Prima del rilascio della versione stabile di Dart l’esecuzione dell’algoritmo — che prende in ingresso un’immagine della grandezza di 320×320 px e la sfoca — impiegava 42 millisecondi. Pichler spiega che grazie ai miglioramenti dell’operatore di divisione fra numeri interi (~/), della gestione dei typed arrays e dell’operatore shift right orientato ai bit >>, l’algoritmo impiega ora solo 13ms per l’esecuzione.

Continuando a parlare di performance, +Seth Ladd, Dart Dev Rel presso Google, mostra in un post sul suo blog una nuova caratteristica di dart2js introdotta poco prima del lancio dell’SDK 1.0, ovvero la possibilità di passare variabili d’ambiente al compilatore direttamente dalla riga di comando usando l’opzione -D (e.g. -DDEBUG=true). La particolarità di queste variabili è che vengono valutate al momento della compilazione e questo permette al compilatore di ignorare le parti di codice che non verrebbero raggiunte durante l’esecuzione (dead code), generando di conseguenza un output più leggero.

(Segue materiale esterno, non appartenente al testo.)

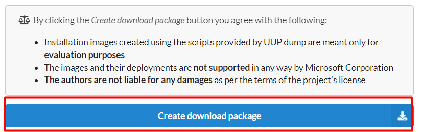 8.Cliquez surSuivantpuis cliquez surCréez un package de téléchargement.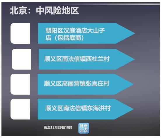北京新型冠状病毒肺炎疫情防控工作领导小组医疗救治和防院感组通报,经市疾控中心评估,按照《北京市新冠肺炎疫情风险分级标准》,从2020年12月29日起,新增顺义区南法信镇东海洪村为中风险地区。详情>>>

Vediamo velocemente l’esempio utilizzato da Seth per mostrare questa nuova feature. Assumiamo che il nostro programma all’avvio invochi log(String msg), una funzione che stampa la stringa msg se il valore della variabile d’ambiente DEBUG è diverso da null:

log(String msg) {
  if (const String.fromEnvironment('DEBUG') != null) {
    print('debug: $msg');
  }
}

main() {
  log('In production, I do not exist');
}

Lanciando il compilatore con la variabile DEBUG uguale a true il codice Javascript generato è il seguente:

main: function() {
    H.printString("debug: In the production release, I do not exist");
}

Senza la variabile, l’output è il seguente:

main: function() {
}

Come ci aspettavamo, il compilatore ha semplicemente ignorato la presenza della funzione log(String msg).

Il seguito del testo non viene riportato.